The new issue of Reporters Without Borders magazine, 100 Photos for Press Freedom, is dedicated to Vivian Maier.
Vivian Maier, 140,000 Photos and Then She’s Gone.
It’s one of the most fascinating stories in contemporary photography. Throughout her life, Vivian Maier, a discreet housekeeper, roamed the streets of New York and Chicago, camera slung over her shoulder, carrying out a masterful enterprise from the shadows. A series of improbable coincidences brought her thousands of photographs to light: striking framing, suspended moments, a sharp gaze… From unknown to iconic, Vivian Maier is the subject of the new Reporters Without Borders album, with a preface by novelist Camille Laurens.
Vivian Maier’s talent can be compared to the greats of photography. Looking through her work, it’s hard not to find echoes of Diane Arbus, Gary Winogrand, or Saul Leiter. And yet, Maier’s trajectory is absolutely unique.
Born in New York in 1926, she took her first photographs in France, where her mother was originally from, in the early 1950s. Employed as a governess, her leisure time was spent roaming the streets of New York, then Chicago—where she remained until her death in 2009—with a Rolleiflex slung over her shoulder, immortalizing the city and its inhabitants.
If in 2007, a certain John Maloof, then a real estate agent looking for photographs of Chicago for a book project, hadn’t acquired Vivian’s archives, which were sold at auction, her name—and her work—would have remained unknown to us.

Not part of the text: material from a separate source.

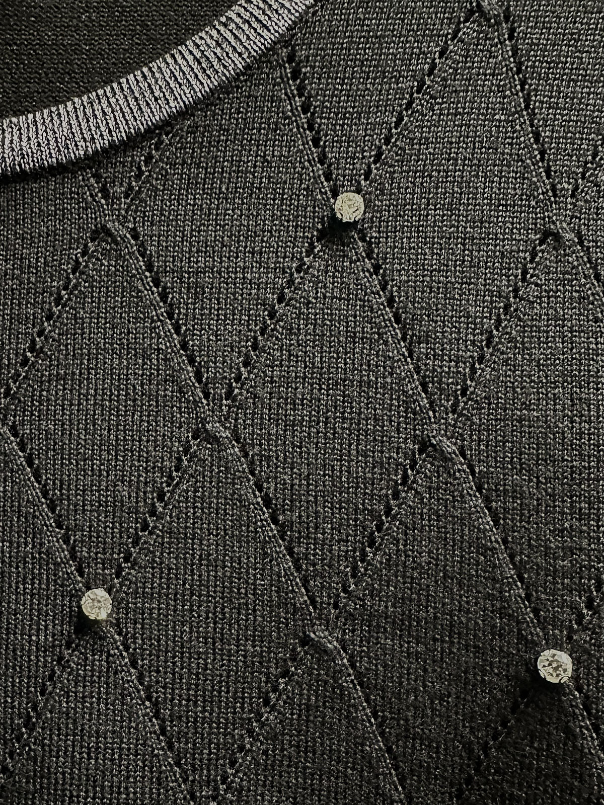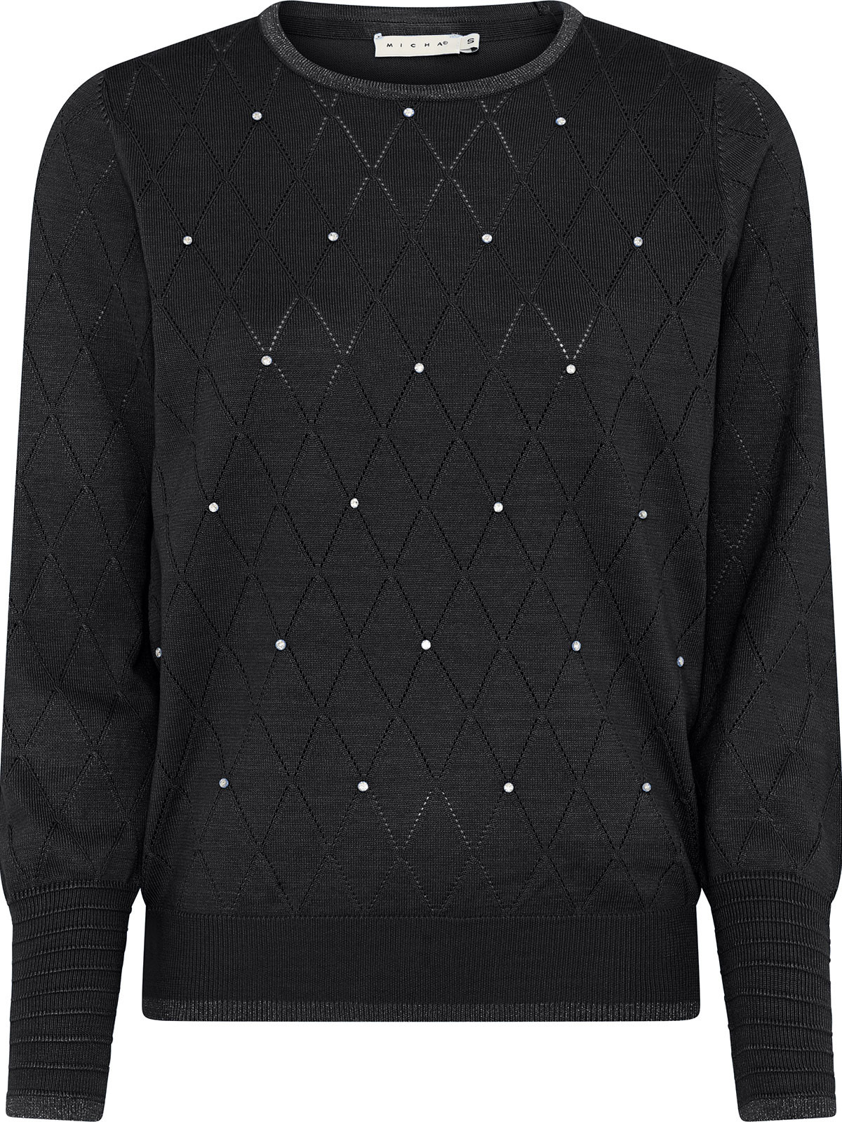 Elegant finstickad tröja från Micha med mönsterstickade romber och strasstenar. Modellen är klassiskt rak med muddar vid avslut. Den rundade halsen och nederkanten har silverfärgade lurextrådar instickade vilket ger en fin effekt. Baksidan är slätstickad utan stenar.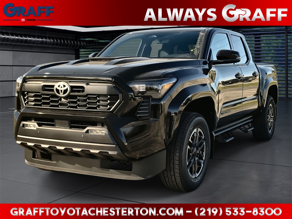 Comments: 2025 Toyota Tacoma TRD Sport Black4WD 8-Speed Automatic 2.4L 4-Cylinder4WD, 120V/400W AC Power Inverter, 4-Wheel Disc Brakes, 6 Speakers, 8-Way Power Driver & Passenger Seat Adjusters, ABS brakes, Air Conditioning, All Weather Floor Liners (TMS), Anti-whiplash front head restraints, Apple CarPlay/Android Auto, Auto High-beam Headlights, Auto-dimming Rear-View mirror, Automatic temperature control, Brake assist, Deck Storage Box, Dual front impact airbags, Dual front side impact airbags, Electronic Stability Control, Emergency communication system: Safety Connect (1-year trial), Exterior Parking Camera Rear, Four wheel independent suspension, Front anti-roll bar, Front Bucket Seats, Front fog lights, Front reading lights, Fully automatic headlights, Heated door mirrors, Heated Front Seats, Heated Leather-Trimmed Steering Wheel, HomeLink Universal Transceiver, Illuminated entry, Integrated Trailer Brake Controller, JBL Premium Audio, Knee airbag, Leather Shift Knob, Leather steering wheel, Low Auxiliary (30A) Switches, Low tire pressure warning, Moon Roof, Multimedia Screen Protector - Glass (TMS), Occupant sensing airbag, Overhead airbag, Power Horizontal Rear Window, Pre-Wire Accommodation (Bed Power Port), Radio: 8 Toyota Audio Multimedia, Rear step bumper, Rear window defroster, Remote keyless entry, Smart Key w/Digital Key Technology, SofTex Seat Trim, Speed control, Speed-sensing steering, Telescoping steering wheel, Tilt steering wheel, Traction control, TRD Sport Upgrade Package, Turn signal indicator mirrors, Wheels: 18 TRD Sport Alloy.Welcome to Graff Toyota – Northwest Indiana’s Newest Premier Auto Dealer, Now Open in Burns Harbor Discover Graff Toyota, proudly serving Burns Harbor, Valparaiso, Chesterton, and the entire Northwest Indiana region as the area’s newest premier Toyota dealership. As part of a trusted, family-owned dealership group, Graff Toyota brings a community-first, family-focused approach to car buying—delivering honest service, unbeatable value, and the latest Toyota models in a convenient, central location. Located just off I-80/94, Graff Toyota offers easy access for customers across Northwest Indiana and Chicagoland. Whether you're in Portage, Michigan City, or commuting from Chicago, we’re only minutes away—and our remote delivery service means we can bring your new vehicle right to your driveway. Experience the difference of working with a dealership that’s committed to community, convenience, and customer care. At Graff Toyota, we make it easy for you to browse, buy, and drive—locally or remotely. Always Graff!!!

Intrigued by this discovery and fascinated by the quality of the images he discovered in the boxes (most of the reels had not yet been developed), he shared them online. He set out to track her down and documented his investigation in a film, The Search for Vivian Maier, directed with Charlie Siskel, which was nominated for an Oscar for Best Documentary Feature in 2015.
The enthusiasm was immediate. The world was stunned to discover a woman and a body of work.
We know only a few snippets of Vivian Maier’s life, gathered through the testimonies of the children she looked after, or from residents of Champsaur in the Alps, where everyone remembers the great American woman who took photographs. Those who knew her speak of a cultured, generous, and atypical woman, but also cold and distant.
The images, in black and white and color, reveal an extraordinary curiosity for everyday life and detail, shots sometimes taken on the fly, sometimes the result of a genuine encounter. Vivian Maier has also made self-portraiture a genre in its own right in her work, photographing herself in shop windows, reflections, and shadows, with constant inventiveness. While she humorously portrays the powerful, she shows empathy for the less fortunate, revealing a portrait of a two-tiered American dream.
The portfolio of approximately one hundred pages offers a journey in Vivian Maier’s footsteps, between New York and Chicago, illuminated by contributions from Eva Bester, Christine Coste, Geoff Dyer, Anne Morin, and a foreword by Camille Laurens.